EPA Stands behind Its Greenhouse Gas Endangerment Finding

On April 2, 2007, in Massachusetts v. EPA, 549 U.S. 497 (2007), the United States Supreme Court found that greenhouse gases are air pollutants covered by the Clean Air Act and held that the EPA must determine whether or not greenhouse gas emissions cause or contribute to air pollution which may reasonably be anticipated to endanger public health or welfare.

On December 7, 2009, EPA officially determined that climate change caused by emissions of greenhouse gases threatens public health and the environment.  Since then, EPA received ten petitions – including petitions from the States of Texas and Virginia and the United States Chamber of Commerce – challenging the Endangerment Finding.  One of the contentions by the petitioners was that e-mails among scientists at the University of East Anglia's Climatic Research Unit prove that temperature data and trends supporting the Endangerment Finding were manipulated.

On July 29, 2010, EPA officially rejected the ten challenges by denying the petitions to review the Endangerment Finding.  According to EPA, the East Anglia e-mails are not a “smoking gun” that disproves the science behind the Endangerment Finding.  Further, EPA characterized the challenges as: “inadequate and generally unscientific arguments and evidence that the underlying science supporting the Findings is flawed, misinterpreted or inappropriately applied by EPA.” 

EPA published its rejection in the Federal Register on August 13, 2010: http://edocket.access.gpo.gov/2010/pdf/2010-19153.pdf.
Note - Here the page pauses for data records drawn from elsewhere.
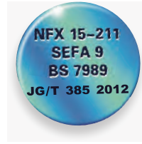
국제 안전 기준을 완벽히 준수
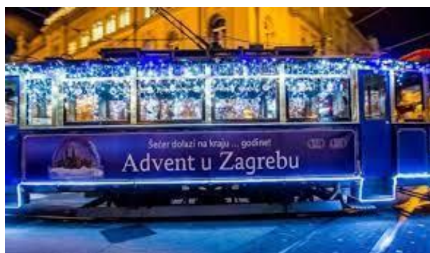
Slika 15. Veseli tramvaj
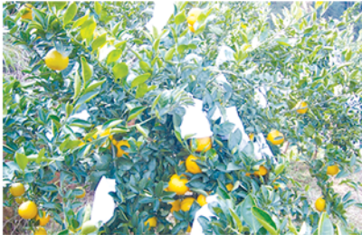
果实套袋防冻技术
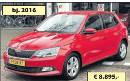
bj. 2016 ŠKODA FABIA 1.0 AMBITION € 8.895,-
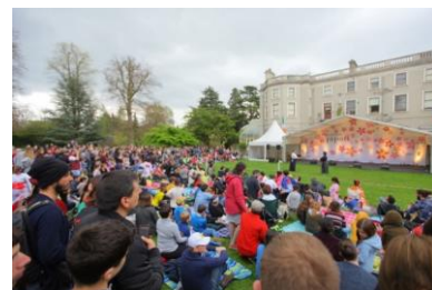
過去のイベント様子

What this means: while EPA’s Endangerment Finding does not itself impose any requirements on industry, the Endangerment Finding is a prerequisite to EPA’s regulation of greenhouse gas emissions for vehicles. Pursuant to the Supreme Court’s Massachusetts v. EPA opinion, the regulation of greenhouse gas emissions for vehicles triggers a duty to also regulate greenhouse gas emissions for industry.  For example, in the Spring of 2010, EPA finalized the “Greenhouse Gas Tailoring Rule”, which specifies that beginning in 2011, industrial projects that will increase greenhouse gas emissions substantially will require an air permit.